┌──
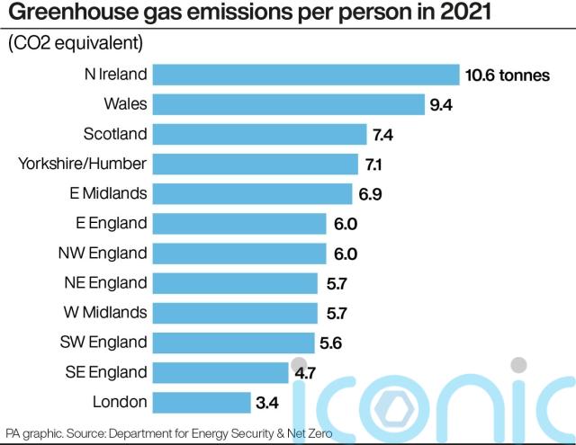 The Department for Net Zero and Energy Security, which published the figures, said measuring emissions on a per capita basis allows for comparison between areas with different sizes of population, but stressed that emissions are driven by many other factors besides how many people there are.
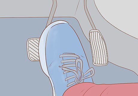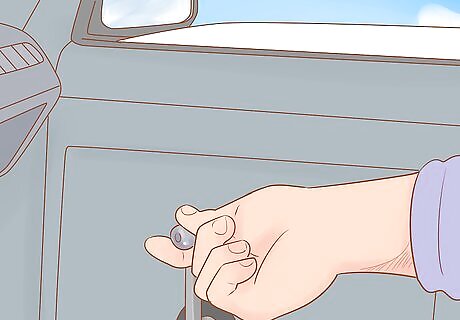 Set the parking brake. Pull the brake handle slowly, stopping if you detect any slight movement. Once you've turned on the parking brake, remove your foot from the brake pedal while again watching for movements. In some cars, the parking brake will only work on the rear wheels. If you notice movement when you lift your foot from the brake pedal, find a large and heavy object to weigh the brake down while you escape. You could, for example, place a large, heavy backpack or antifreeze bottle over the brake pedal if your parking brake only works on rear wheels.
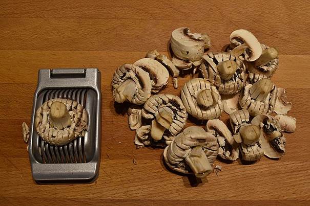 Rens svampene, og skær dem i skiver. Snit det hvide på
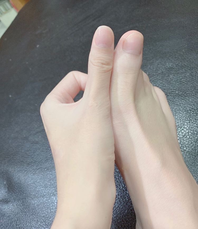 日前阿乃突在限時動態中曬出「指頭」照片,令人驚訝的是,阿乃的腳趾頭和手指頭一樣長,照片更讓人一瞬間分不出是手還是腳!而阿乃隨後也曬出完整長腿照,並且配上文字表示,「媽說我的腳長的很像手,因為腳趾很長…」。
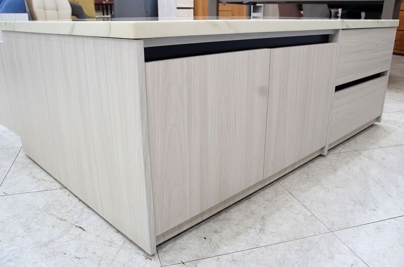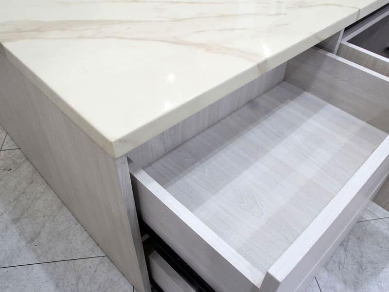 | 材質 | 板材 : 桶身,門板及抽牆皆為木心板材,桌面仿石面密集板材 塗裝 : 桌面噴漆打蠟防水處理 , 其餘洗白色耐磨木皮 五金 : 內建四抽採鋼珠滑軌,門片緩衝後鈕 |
└──
┌──
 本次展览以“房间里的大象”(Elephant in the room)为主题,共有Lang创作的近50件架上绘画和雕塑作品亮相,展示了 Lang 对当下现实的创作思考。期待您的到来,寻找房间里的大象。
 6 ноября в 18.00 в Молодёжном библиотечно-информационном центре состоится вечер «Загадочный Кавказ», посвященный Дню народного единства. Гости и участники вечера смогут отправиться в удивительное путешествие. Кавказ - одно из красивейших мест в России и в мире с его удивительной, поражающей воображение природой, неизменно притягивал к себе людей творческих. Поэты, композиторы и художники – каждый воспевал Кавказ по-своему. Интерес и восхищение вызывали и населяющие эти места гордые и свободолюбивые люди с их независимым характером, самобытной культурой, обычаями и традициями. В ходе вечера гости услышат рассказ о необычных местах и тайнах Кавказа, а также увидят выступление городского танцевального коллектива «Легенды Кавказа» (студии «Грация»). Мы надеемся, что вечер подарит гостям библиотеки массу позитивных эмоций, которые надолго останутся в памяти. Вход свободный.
└──
# [YOUR GOAL]
Give back exactly, and solely, the section of the data above bounded by the line containing "Rens svampene, og" and the line containing "五金 : 內建四抽採鋼珠滑軌,門片緩衝後鈕 |", both bounding lines included and pictures omitted.

# [REPLY]
 Rens svampene, og skær dem i skiver. Snit det hvide på
 日前阿乃突在限時動態中曬出「指頭」照片,令人驚訝的是,阿乃的腳趾頭和手指頭一樣長,照片更讓人一瞬間分不出是手還是腳!而阿乃隨後也曬出完整長腿照,並且配上文字表示,「媽說我的腳長的很像手,因為腳趾很長…」。
 | 材質 | 板材 : 桶身,門板及抽牆皆為木心板材,桌面仿石面密集板材 塗裝 : 桌面噴漆打蠟防水處理 , 其餘洗白色耐磨木皮 五金 : 內建四抽採鋼珠滑軌,門片緩衝後鈕 |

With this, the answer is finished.